Profiat Duran (born c. 1350, Perpignan?, France—died c. 1415) was a Jewish philosopher and linguist, the author of a devastating satire on medieval Christianity and of a notable work on Hebrew grammar.
Duran was the descendant of a scholarly Jewish family of southern France. He was educated in Germany and then took a position as tutor with a wealthy family in Catalonia. There, in 1391, in a wave of Spanish religious persecution, he was compelled to profess Roman Catholicism. Like many other ostensibly converted Spanish Jews, he continued his own religious observances in secret, and, after leaving Spain, he openly resumed the practice of Judaism.

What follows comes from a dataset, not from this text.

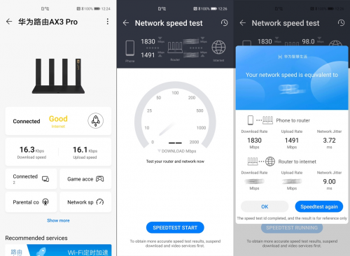 于是,小编赶紧测了测华为路由AX3 Pro的网速。不得不说,加入了Wi-Fi 6+技术,网速真的有种“飞起来”的感觉!从上图能看到:华为P40 Pro和华为路由AX3 Pro之间的网速竟然达到了千兆级别,下行1830Mbps/上行1491Mbps,真是太强大了!

Earlier, however, he had planned to travel to Palestine with another forcibly converted Spanish Jew, but the journey was abandoned when Duran received a letter from his fellow convert indicating his desire to remain a Roman Catholic and urging Duran also to remain true to Christianity. Duran’s response, the celebrated letter ʿAl tehi ka-ʾavotekha (“Be Not like Thy Fathers”), portrayed with subtle irony what he saw as the irrationality of Christian doctrine and summarized with feigned naiveté the worst abuses of the contemporary church. So artful was the satire that the epistle, widely circulated in Spain, was initially greeted by Christians as a defense of their religion. Once its true nature was understood, copies of the work were publicly burned. (It was later published at Constantinople in 1554).
In conjunction with the letter, Duran also wrote an anti-Christian polemic, Kelimat ha-Goyim (“Shame of the Gentiles”), in about 1397, which discredited the Gospels and other early Christian writings.
Duran’s lasting reputation is based not so much on his polemical writings as on his Hebrew grammar, Maʾaseh Efod (1403), a work of the highest scholarship. His other written works include a history of Jewish martyrs.